Page, an early foreign-policy adviser to President Donald Trump's campaign, volunteered to be interviewed by the committee in March. But he said Monday that the committee's requests were "groundless," "outrageous," and "would cover redundant, highly irrelevant information collected in further violation of my civil rights given the unjustified FISA warrants which already targeted me last year."
The FBI obtained a warrant under the Foreign Intelligence Surveillance Act last summer to monitor Page's communications, The Washington Post reported in April.

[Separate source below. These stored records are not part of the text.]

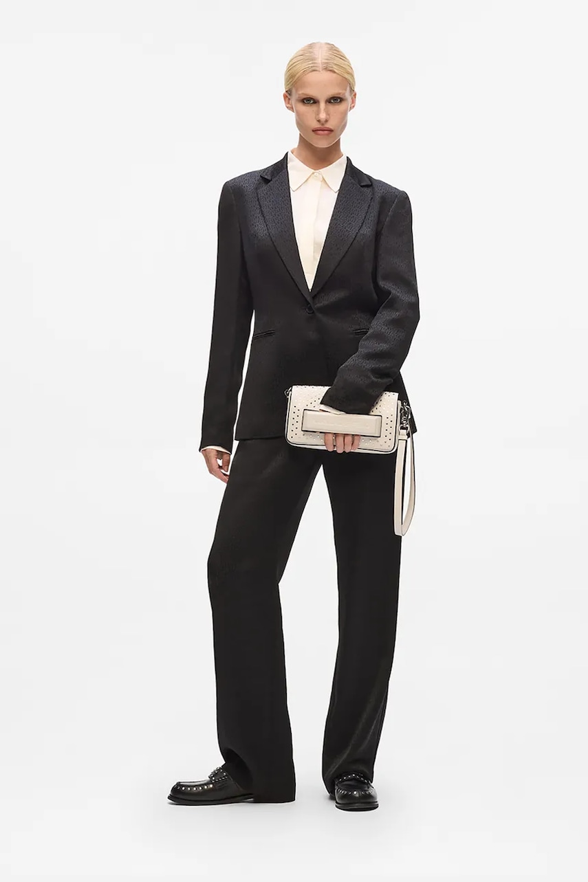 - Klapa zapinana na magnes. - Wsuwana kieszonka wewnętrzna. - Model z podszewką. - Nie mieści formatu A4. - Odpinany, nieregulowany uchwyt. - Głębokość: 9 cm. - Wysokość: 13,5 cm. - Szerokość u podstawy: 26,5 cm.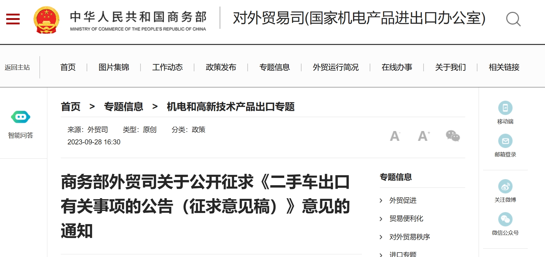 商務(wù)部外貿(mào)司關(guān)于公開征求《二手車出口有關(guān)事項的公告(征求意見稿)》意見的通知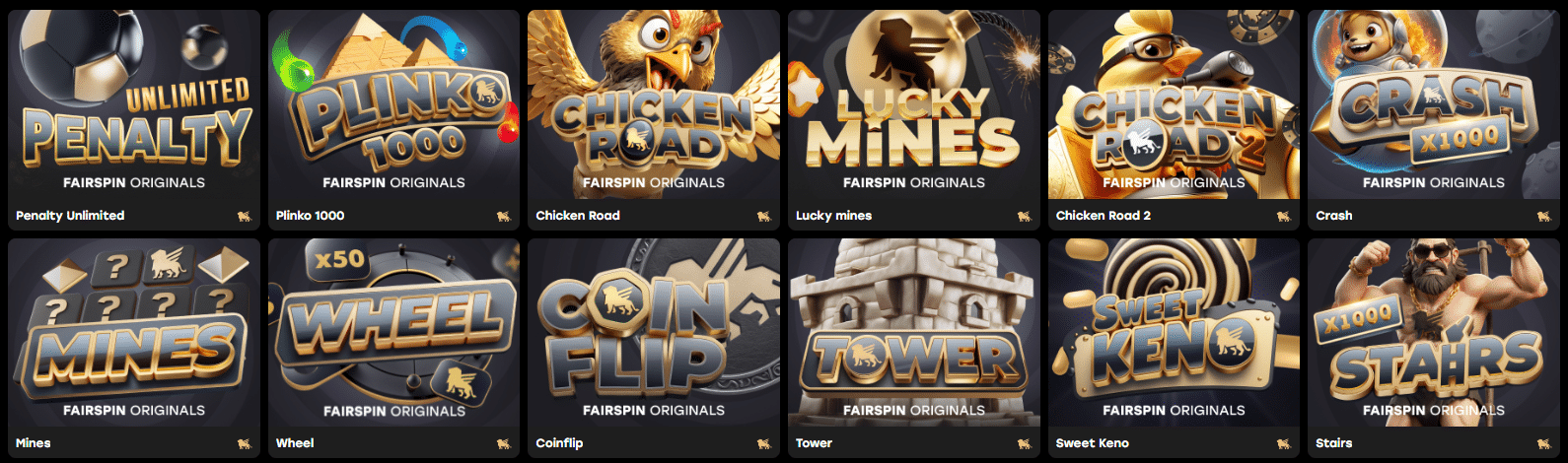 Penalty Unlimited, Plinko 1000, Chicken Road, Lucky Mines, Chicken Road 2, Crash, Mines, Wheel, Coinflip, Tower, Sweet Keno, Stairs, Bubbles, Triple, Limbo, Cryptos, Joker Poker, Aviafly, Goblin Tower, Hot Mines, Diver, Robo Dice, New Double, New Hilo, Jogo Do Bicho, Roulette, Hamster Run, and Forest Fortune are Fairspin’s Original titles.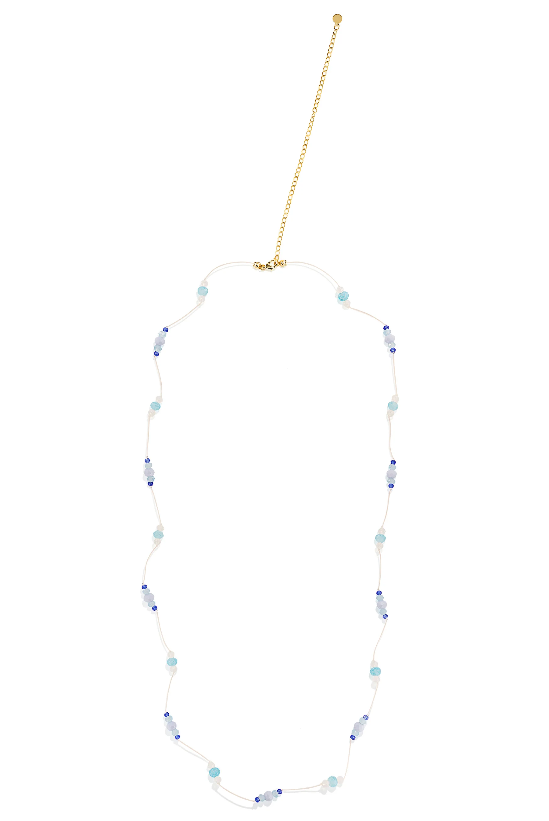 - Design: Clear body chain with moonstone, blue and dark blue crystal beads
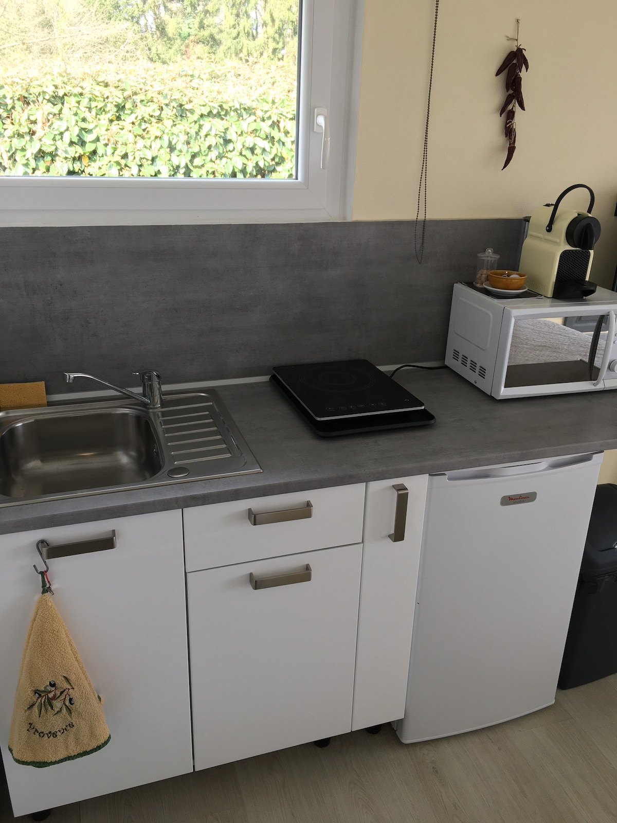 Kínálunk egy nagyon világos, 20 négyzetméteres stúdiót, amely egy független bejárattal rendelkező magánház mellett található. Csendes környék, biztonságos parkolás az ingatlanban.(A kapu távirányítója biztosított). Valódi 140x200 ágy (ágynemű biztosított) Teljesen felszerelt konyha (mikrohullámú sütő, hűtőszekrény, Nespresso, TV). NINCS MOSÓGÉP. Érkezés 16:00 Távozás 12:00 -ig TILOS A DOHÁNYZÁS HÁZIÁLLATOK NEM ENGEDÉLYEZETTEK (háziállatokkal nem lehet bejutni a szálláshelyre) Nincs PMR Studio
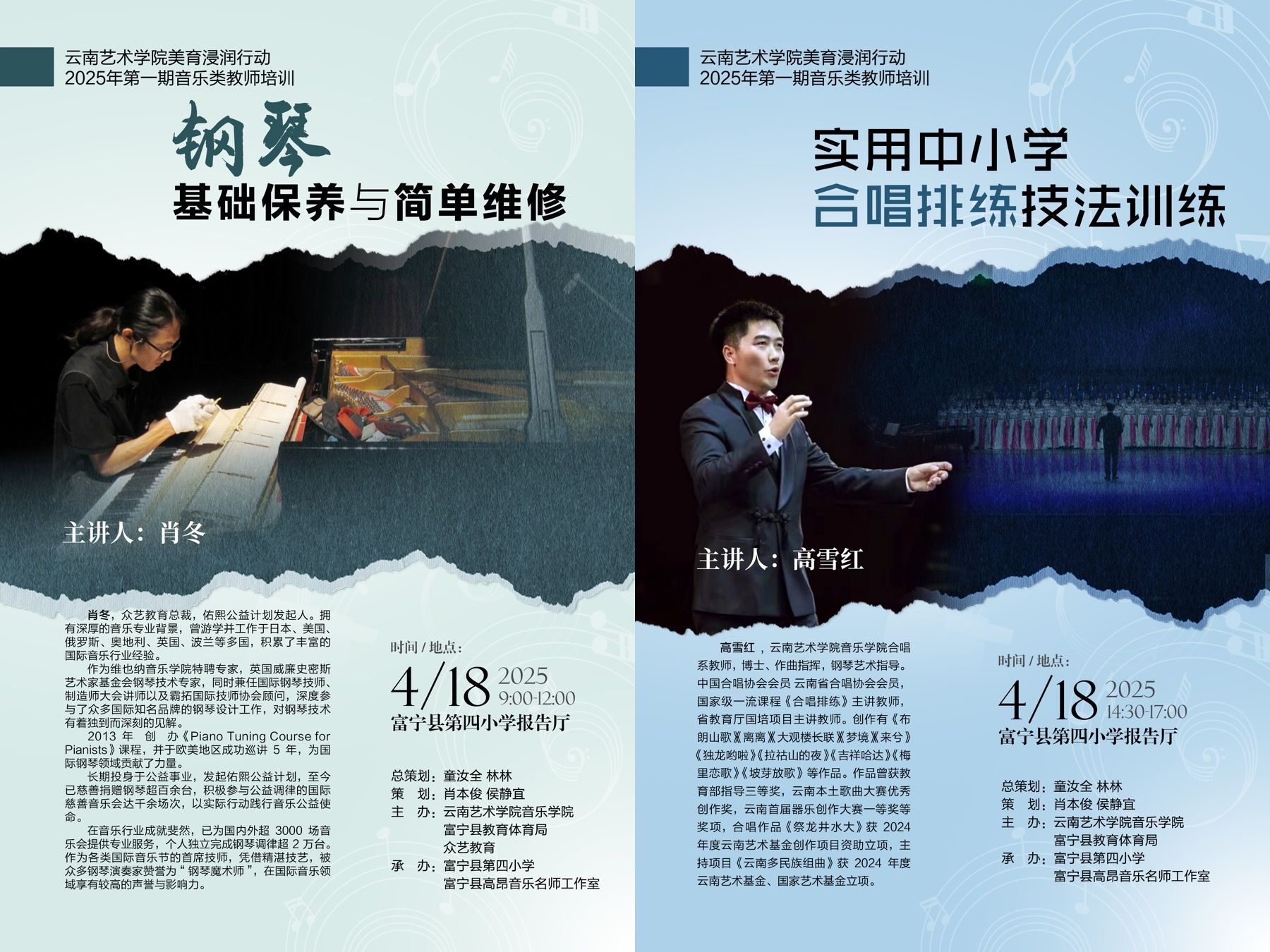 为贯彻落实立德树人根本任务,持续推动义务教育阶段美育质量提升,4月18日,pg娱乐电子游戏官网入口“美育浸润行动”团队走进文山州富宁县,在富宁县第四小学举办2025年美育浸润计划第一期中小学音乐教师培训。

The bureau is reportedly investigating Page's trips to Moscow and contact with at least one Russian official last year.
Page previously told Business Insider he thought the FISA requests were "unjustified," and he wrote on Monday that the committee's requests for more information about his Russia contacts were "based on literally nothing except lies from corrupt politicians."
"I have seen nothing that leads me to believe that the questions posed on April 28 are based on anything more than the continued false allegations that their regime’s associates ginned up last year," Page wrote, calling the committee's "interrogation list" "disgraceful" in both "spirit and substance." He added that being asked to respond to it amounted to "forced labor."
But the government's application for the warrant targeting Page has been renewed more than once, The Post reported, and "included a lengthy declaration that laid out investigators' basis for believing that Page was an agent of the Russian government and knowingly engaged in clandestine intelligence activities on behalf of Moscow."